In my last post I discussed the primary asset classes (stocks and bonds) and their various subdivisions. In this post I will give an overview of some “alternative” investments. First we should define what an alternative investment actually is. There isn’t a precise definition, but broadly speaking it is an investment that is not one of the ones mentioned above (stocks and bonds). As noted previously, common stocks can be large-cap, mid-cap, small-cap, or micro-cap; growth or value or blend; domestic or international; and represent companies located in developed countries or emerging markets; nonetheless those would all generally be considered traditional investments. Similarly, investment grade bonds can be short term or long term; inflation adjusted or not; callable, putable, or neither; and taxable or non-taxable (i.e. municipals or “munis”) with none of those categories considered “alternative.”
A number of alternative investments are illiquid and don’t trade regularly so the prices are merely estimates. This leads to two statistical artifacts of note. First, the standard deviation (volatility) appears lower than it really is, and second, the correlation with other investments (generally the correlation being reported is with stocks) appears lower than it really is. The investments that are prone to having this issue (and having salespeople present what is in fact bad data as a purported advantage to the investment) include many types of hedge funds, non-traded REITs, timber investments, and directly owned real estate.
Another difference between traditional investments in stocks or bonds and alternative investments is the source of returns.

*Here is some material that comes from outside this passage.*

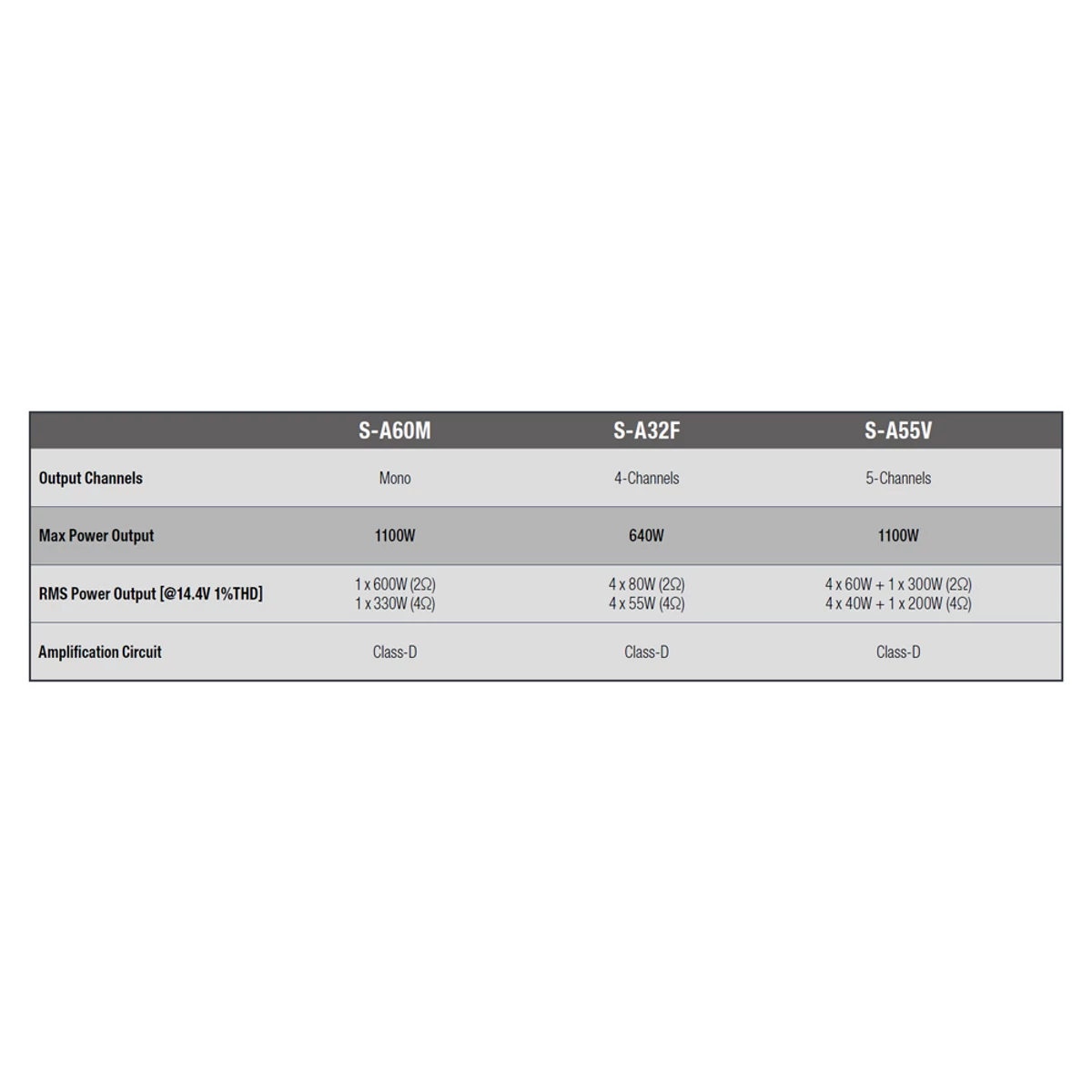 Az Alpine bemutatja a vadonatúj S-sorozatú erősítőket – amelyek tökéletesen illeszkednek az S-sorozatú hangszórókhoz. Ezek az erősítők kiváló watt/forint arányt mutatnak a D osztályú kategóriában, nagyon magas hőállósággal rendelkeznek, és nem kapcsolnak ki túlmelegedés miatt. Árkategóriájukban kiváló hangminőséggel rendelkeznek. Az S-sorozatú erősítők monó, 4 csatornás és 5 csatornás konfigurációban kaphatók.

Companies sell products or services and most of the time make a profit which investors then receive as a dividend, interest, or growth (in the case of government bonds, taxes pay the interest). Many alternative investments don’t have that tailwind, but rather depend on three things. First, that some investments are mispriced by enough to yield risk-adjusted excess returns even after transaction costs, search costs (the cost of finding the mispricing), overhead, etc. Second, that the manager can identify those mispriced securities in advance. Third, that the market will then recognize the “true” value of the investment and move it to that value over a reasonable period of time.
In addition, these types of investments frequently come with high risk, high correlations with stocks, and a great deal of illiquidity – though none of these may become apparent until there is market stress. Further, the distributions of returns are typically leptokurtic (extreme events happen more frequently than you would expect) and negatively skewed (those extreme events tend to be the bad ones, not the good ones).
With that out of the way, over the next few posts I will review various alternatives.